PREVIEW●> aku hanya mengangguk dan terlihat papa dan kak minjae langsung mengambil tempat tidur masing-masing di sofa, dan mama tidur bersamaku di atas tempat tidur pasien VIP yang muat untuk 2 orang<●
●●●●●
kang minho yang sedari tadi hanya memandangi langit-langit kamarnya terlihat gelisa karena telepon dari papanya, yang ingin pertunangannya dan yoon sua segera dilaksanakan.
kang minho tidak ingin pertunangan itu di laksanakan karena dia ingin mencari wanita yang mau merubah sisi gelap dan buruknya itu, sedangkan yoon sua baru saja dia kenal dan sepertinya dia bukan wanita yang baik.
waktu terus berjalan sampai tidak terasa jam sudah menunjukan pukul 4 pagi, dan kang minho masih terus memandangi langit-langit kamarnya, dan terus memikirkan cara supaya bagaimana pertunangan itu di batalkan. tapi pikarannya buntu tidak ada cara yang bisa membatalkan pertunangan itu karena sudah di sepakati kedua keluarganya dan yoon sua.

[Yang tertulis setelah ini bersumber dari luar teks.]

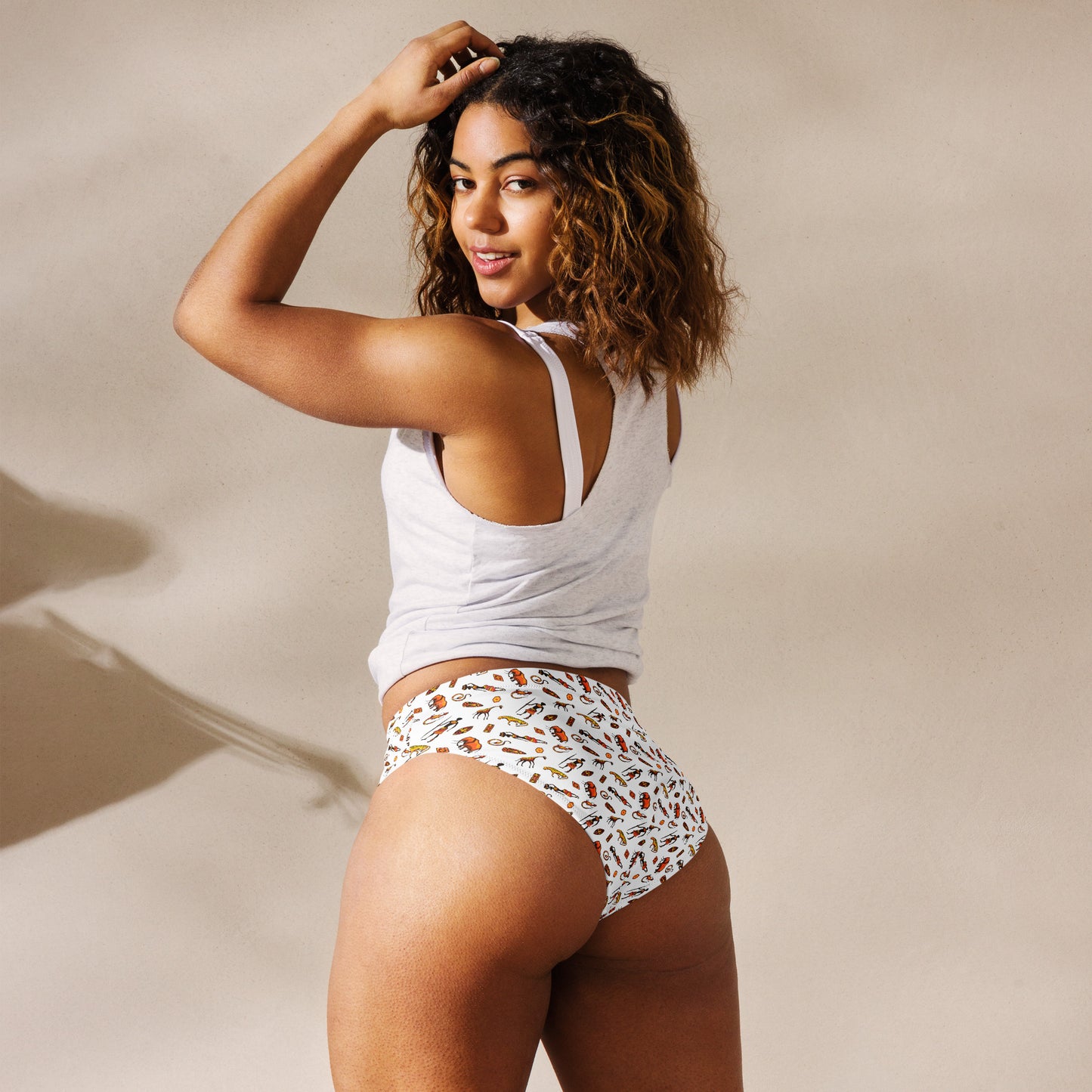 Get this African Bushman & Wildlife Recycled high-waisted bikini bottom and match it with your favorite swimsuit top. It’s comfortable, high-waisted, and double-layered—perfect for an adventurous beach day or a chill spa visit!

telepon kang minho berdering mengalihkan pandangan yang tadi hanya terfokus pada langit-langit kamarnya kini dia beralih pandangannya ke telepon di atas meja yang terus berdering
"siapa sih, masih pagi udah ganggu aja", kata kang minho sambil melihat layar hp nya
ternyata telepon dari nomor yang tidak di kenal, segara kang minho mengangkat telepon itu
"hallo!!", ucap kang minho dengan nada kesal
"hallo, kang minho kan, ini aku yoon sua, maaf mengganggu waktu mu pagi-pagi", terdengar suara wanita dari seberang telepon yang tidak lain adalah calon tunangan kang minho
"kalau udah tau mengganggu kenapa telepon pagi-pagi, kamu nggak ada kerjaan hah", bentak kang minho
"iya, kan aku udah minta maaf, tadi aku udah telepon papa kamu, tapi papa kamu nggak angkat, aku cuman mau kasih tau, keluarga aku ngundang keluarga kamu makan siang nanti sehabis kita pulang dari kampus", kata yoon sua menjelaskan
"ya iyalah nggak angkat masih pagi gini juga, dan aku nggak ada waktu buat makan siang, setelah pulang kampus aku ada urusan yang lebih penting ketimbang makan bareng kamu", ketus kang minho
"kok kamu segitu nggak sukanya sama aku", ucap yoon sua
"siapa dia, sampai kamu menolakku?", tanya sua
"jangan harap aku bakal kasih tau kamu", jawab kang minho yang langsung mengakhiri telepon itu
"menyusahkan", bisik kamg minho
●●●●●
di rumah sakit cici secara fisik sudah mulai membaik, dokter ahn menyarankan cici harus tetap di rawat sampai keadaanya benar-benar sembuh total
"tapi dok aku udah baikan kok, aku kan udah nggak masuk kampus beberapa hari, pasti nilai aku juga...", cici yang belum menyelesaikan pembicaraannya itu di potong oleh mamanya
"sayang, kamu itu harus dengar kata dokter, jangan dulu pikirin nilai dan kampus, mama udah bilang ke kepala kampusnya kamu tenang aja yang harus kamu perhatikan itu kesehatan kamu, supaya kamu bisa ke kampus dalam keadaan kuat dan ceria", ucap mama menasehati
mama memang orangnya sangat tegas masalah kesehatan, kebahagiaan, dan keselamatan anak-anaknya.
"iya mah, cici bakal sembuh dengan cepat, cici kan kuatt, hehehehe", ucap cici semangat
"kuat dari hongkong, kamu kalo nggak di tangani bisa-bisa kamu K.O", ucap kak minje bercanda
"ihh, kakak mulai deh bercandanya", ucap cici kesal
"iya iya maaf, utuk utuk utuk anak manja", balas minjae sambil ketawa
dan hari ini pun keluarga cici masih menemani cici, mama dan kakak minjae harus absen dari jadwal kantor, kalau papa harus tetap bekerja demi keselamatan pasien-pasiennya.